Dans ces conditions, une question préjudicielle aurait dû être posée pour savoir si des critères supplémentaires devaient être vérifiés et notamment, si le vendeur devait être préalablement assujetti à la TVA ou si l’activité en cause devait être exercée de manière permanente (voir le point 36 de l’arrêt, déjà cité, « […] indépendamment du caractère permanent de l’opération ou de la question de savoir si la personne ayant effectué la livraison exerce une activité de producteur, de commerçant ou de prestataire de services […] »).

Au final, en l’absence de question préjudicielle permettant de comprendre le sens de la décision Slaby, la décision du Conseil d’Etat revient à taxer un « assujetti occasionnel » alors que la France n’a pas fait usage de cette possibilité ouverte par la directive TVA.

En ce qui concerne le BOFIP, la décision du Conseil d’Etat ne permet pas de savoir si l’administration fiscale, dans sa défense, avait mis en avant les mêmes arguments que ceux contenus dans son Bofip. Comme la question de l’opposabilité de la doctrine administrative ne semble pas lui avoir été posée, le juge ne pouvait s’en emparer de lui-même.

Cependant, s’il faut bien reconnaître que la partie du BOFIP consacrée aux particuliers est d’une rédaction très complexe (BOI-TVA-IMM-10-10-10-10-20120912 § 60 et 70) ces passages étaient, jusqu’à présent, lus à la lumière de ce qui avait été prévu s’agissant des agriculteurs, à savoir absence de taxation sauf réunion de deux conditions cumulatives, (i) réalisation sur ces mêmes terrains des travaux significatifs, par exemple de viabilisation (représentant plus de 50 % du prix de vente) et (ii) mise en œuvre des moyens de commercialisation avérés (publicité, démarchage) (BOI-TVA-IMM-10-10-10-10-20120912 § 90).

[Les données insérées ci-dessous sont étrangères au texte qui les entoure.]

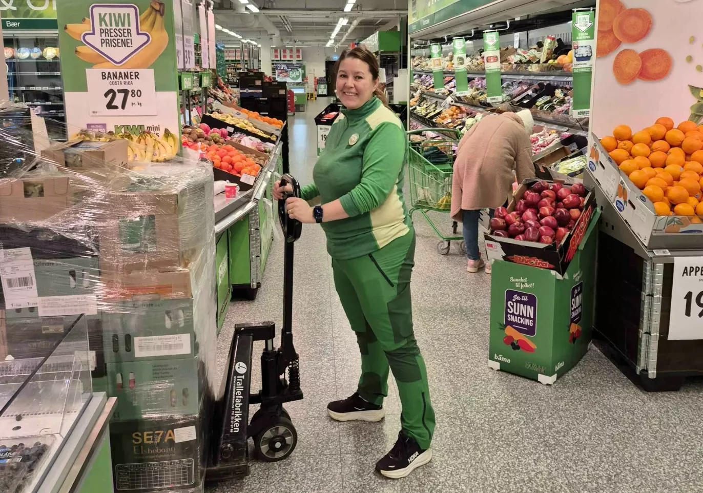 FYLLER OPP: Prisjegerne møtte på Rose Linn Laugen på Kiwi i Haugesund, som var i full gang med å kjøre ut varer i butikken. Foto: Truls Lea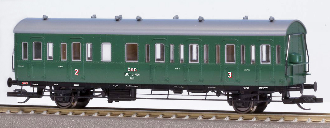 | oddílový osobní vůz zelený s šedou střechou 2./3. tř. |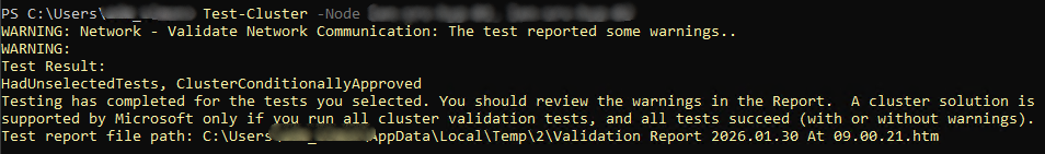 Test-Cluster -Node Hyper-V-01, Hyper-V-02Code language: PowerShell (powershell)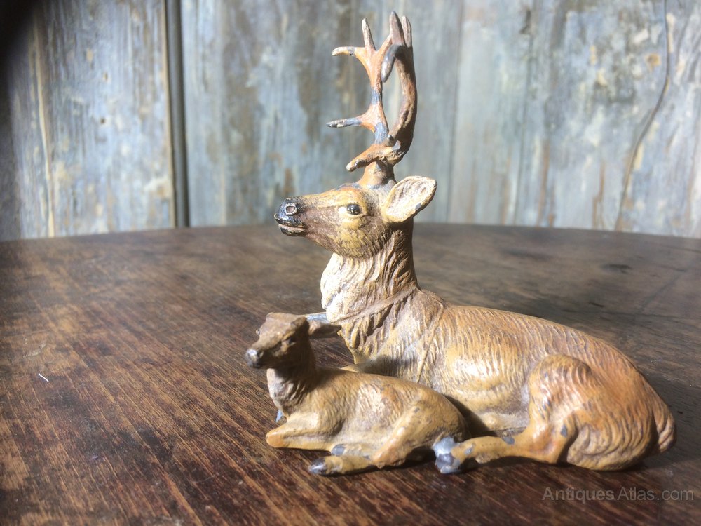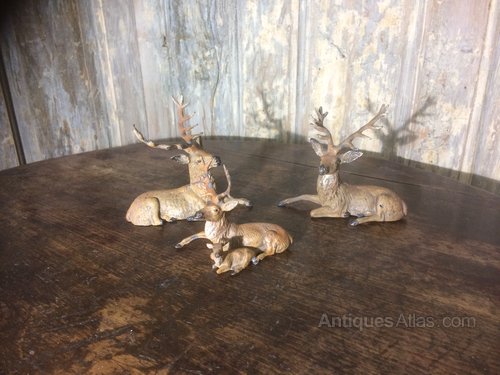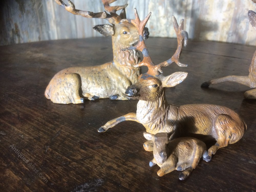This attractive trio of models of stags dates from the second half of the nineteenth century. It is made from hollow-cast metal, possibly some type of spelter, and has been cold painted. There are no maker's marks. The piece is of nice quality.DateEarly 20th Century

Les observateurs avertis constateront qu’il s’agit d’un joyeux mélange. Les mêmes critères sont en effet appliqués pêle-mêle aux particuliers et aux assujettis (i.e. les agriculteurs) alors que pour ceux qui nous ont suivi jusqu’ici les deux devraient être traités différemment puisque la France ne taxe plus les « assujettis occasionnels ».

A titre de comparaison, un arrêt récent de la CAA de Bordeaux du 20 mai 2020, 18BX01002, retient à l’exact opposé que la vente par des particuliers de 49 parcelles viabilisées n’est pas soumise à la TVA dès lors que le second critère des moyens de commercialisation n’était pas rempli.

Pour conclure, espérons que l’administration fiscale remette de l’ordre dans le BOFIP pour préserver les réglages d’origine, et que le Conseil d’Etat, s’il devait à nouveau se prononcer dans une affaire similaire, pose une question préjudicielle à la CJUE.